|
Re: The Problem with Programming
|
Posted: Dec 1, 2006 2:32 PM
|
|
> You know better than anyone else that the general issues > of caching are not primarily a language thing. Neither > Java nor C# make this a no-op or you would be out of > business. There are garbage collectors for C++. There are > caching frameworks for C++, so those tens of thousands of > lines of code have already been written for reuse. You > know very well, that garbage collection makes the most > frequent and most simple cases easier, but it doesn't > solve all the problems connected to the management of > cached resources.
In this case, I was referring specifically to the massive amount of memory management that I had to do to avoid leaks for long-lived objects whose "scope of use" was defined completely externally. That is the type of problem that a garbage-collecting environment (let's not focus on the language for a second) can make very simple to deal with.
> Java takes that > power away from us and that's one reason why the memory > consumption of many Java apps is so outrageous. That's why > the garbage collector needs to use processor cycles and a > largeish memory cache to manage a huge number of heap > allocated objects that should really have been allocated > on the stack.
First, I do agree that Java (language, environment) takes power away, but what power does it take away? It takes away the power to excplitly use the stack, explicitly free allocations (and with objects having the corresponding call to a destructor made synchronously), and to explicitly pack memory in the same manner as one could efficiently do in C++. In the case that I was working with, I could "retrieve" a half million rows of data (from a hard-coded test driver) and realize a virtual "set" of data in memory to manage those retrieved results, and I could do that in a very few MB of memory (i.e. for the structures themselves). In Java, the same would be no less than 8MB, since each "row" would have to be a separately allocated object, and if that internally had any object state, it would be at least 16MB or 24MB (one or two objects respectively).

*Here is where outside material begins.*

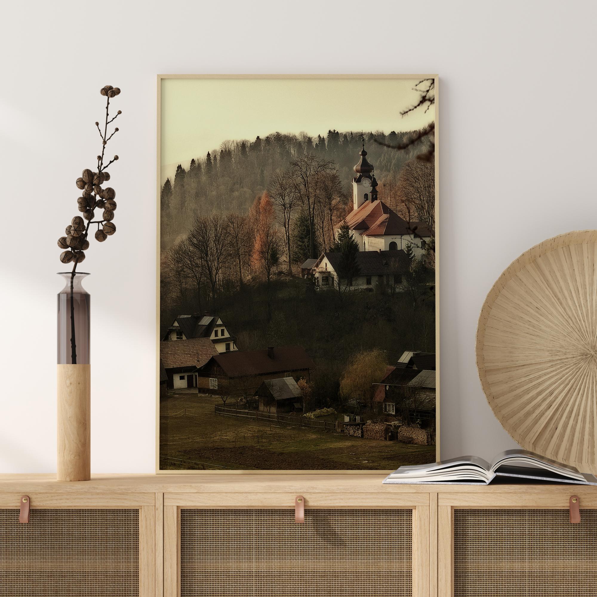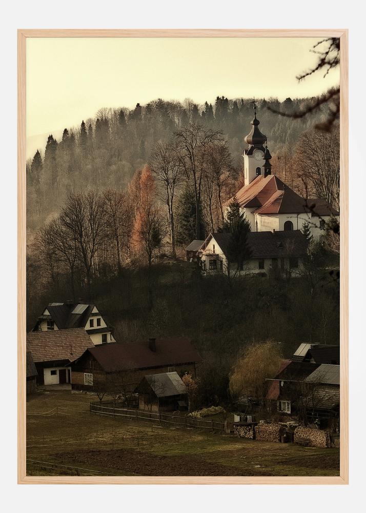Kaupunkikuvajuliste pienestä maaseutukylästä, jossa on vanhoja taloja ja peltoja, ja joiden takana on puiden peittämiä kukkuloita. Valkoinen kirkontorni kohoaa maiseman hillittyjä ruskeita ja vihreitä sävyjä vasten. Upota itsesi ja mielikuvituksesi tähän viehättävään kylään, kun lisäät tämän julisteen seinällesi.

So when you are dealing with large "arrays of structs", or things that benefit from explicit stack allocation, then Java is much less efficient (both space and time) than C++, and yes that will directly contribute to GC cycles being burnt (500,000 actual objects to manage instead of a hand-full of pointers representing block-allocated regions to hold 500,000 row structures).
A few points to bring us back to reality, though:
1) The approach in C++ can be much more efficient -- that is true. However, many applications written in C++ will use "new" roughly the same number of times that the application would have used it in Java, because (IMHO, from my own experience) it's hard work to do large-scale optimizations like the one I described.
2) VMs are getting better at using stack allocation. With a little foresight into the VM/language design, even pointers and arrays of structs (two things that Java for example is a non-player with) would be possible, but not so much as language dictates as much as natural VM optimizations.
3) 99% of objects could probably be stack-allocated. I had no problem with that in C++, and VMs for language like Java will likely have no problem with that in the future. The problem is the other 1%, which accounts for much of the complexity in large systems built with languages like C++.
> Using Java for software that processes a lot of data in > memory is simply not productive. It's much easier to > optimise memory consumption with C/C++ and there is a > whole range of software where optimisation of memory use > is crucial.
We do applications with tens and hundreds of gigabytes of data in memory, and we do it today in Java. It is not _easy_ in Java (we use distributed computing to accomplish it, by partitioning it over a grid-based finite state machine).
> There aren't many widely used DBMS or BI > engines written in Java, and that's for a reason.
Yes, because there were great DBMSs long before Java existed. They are not written in C++, but in C, which is what the primary systems language was when they were written.
As far as BI goes, quite a bit is done in Java, but in many cases it is done in C++, which is what the primary systems language was when they were written.
> Java is unfortunately somwhere in the middle. It's > a bad systems programming language because it takes so > much control over resources away from you. And it's a > mediocre applications language because it doesn't have > many features for high level abstraction that languages > like Python do have, AND most surprisingly, it has > absolutely awful string processing capabilities.
I generally agree. Java isn't quite a systems language (too high level) and isn't quite an apps language (too low level). Likewise, C++ was never an apps language (way too low level) but made a decent systems language.
I do enjoy Java and think it (not just the language, but the VM approach and the wide range of libs) is a good fit for that "middle 98%" of programming. OTOH I'm not emotionally tied to Java, so I have no problem if something better replaces it. (And sorry Todd, that probably won't be Smalltalk. ;-)
Peace,
Cameron Purdy http://www.tangosol.com/
|
|